Wednesday, October 08, 2008

Two years.



























































10 comments:

Heather said...

((((((BIGSUPERHEATHERHUG))))))

Anonymous said...

i heart you big time...

Basco said...

Love and Hugs from afar sweetie.

Unknown said...

Do you know how much I think you rock?

That is all.

Carry on.

StephanieG said...

XOXOXO Love you

Layla said...

Hmmm. Big sigh and lots of hugs..

melis said...

Nic. Stop it. STOP IT. STOP. IT!!!!

Honey, I love you. Big love. Turn around and look forward for a while. It's not scary at all, and hey, guess what? We're all right next to you either way you face.

I. Love. You.

turn around...

Anonymous said...

i found your blog thru a friend of mine. i have wanted to comment before but it seems i would have TOO much to say, so i haven't. i felt compelled to comment after this blog for some reason. i lost a brother to suicide. it was the most devastating thing i have ever endured. i lost so many things when i lost him. and the range of emotions were so wild. i felt anger, guilt, loss, shattered and so many other feelings i cannot even start to explain. i don't talk about it much, even now. even typing this is hard...it will be 27 years this Christmas. i was 25 when he bailed. i can tell you that the first 8 years were the hardest. then, i began to deal with it, i suppose. perhaps i had such a hard time because i was even angry with God. i didn't have Him to lean on.

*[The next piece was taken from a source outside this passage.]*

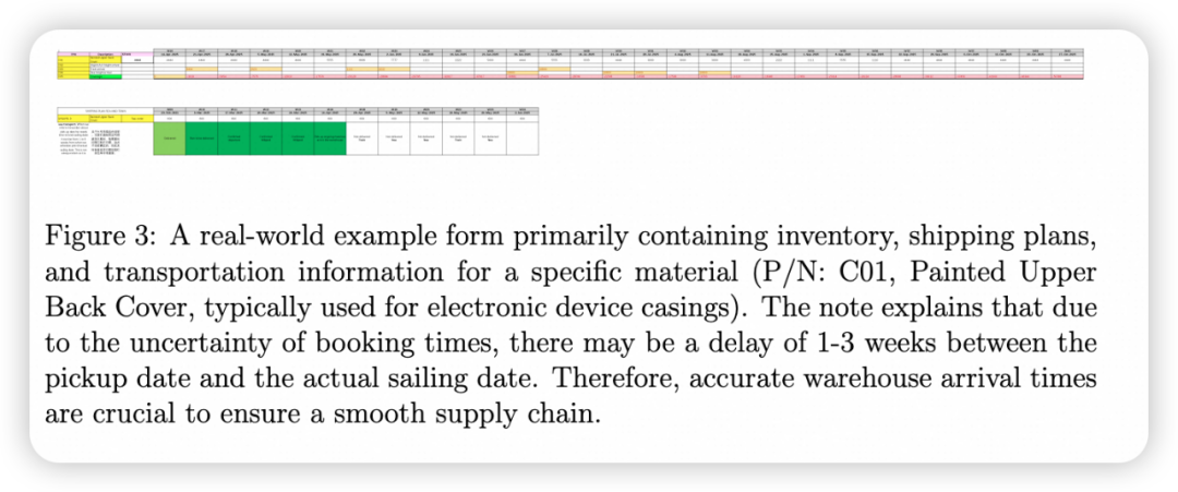 在案例 A 中,系统处理了一个包含库存、多周预测和多式联运计划的复杂表格。Dingtalk-DeepResearch 能够准确解析多节生产记录、发货计划和物流说明,实现精确的信息检索与合成。该方法可扩展到多个大型文件(如案例中 8 个相似的 1200 行文件),显示了其鲁棒性和实用性。

To top that, I had difficulty finding anyone that could relate to my loss. I mean really relate. when i finally realized that no matter how much i sulked, threw fits, screamed cried or panicked, he was not coming back, i started dealing with the sheer loss. it hurts as bad today as it did the first day of the phone call....i just deal with it differently. He has a granddaughter that is the absolute image of him…her eyes..her hair..her smile… and I have to turn away at times when she smiles. I still well up with tears. i hope your hurt eases and your life goes forward in a way that makes your loss more bearable. I cannot image what you are going through because I think your loss was greater than mine. I pray you find peace and joy in your future. God Bless You.

NicoleC said...

Anonymous-I SO wish you hadn't decided to post anonymously. If you feel up to it, drop me an email. My email is in the link on my profile, I think.
THANK YOU for your post. I am so sorry for your loss, and I certainly don't think ANY loss from suicide is worse than another. It is a distinctly different loss than any other, in my opinion, and so few people really GET IT (FORTUNATELY!). Thank you, and I do hope you will get in touch...

Anonymous said...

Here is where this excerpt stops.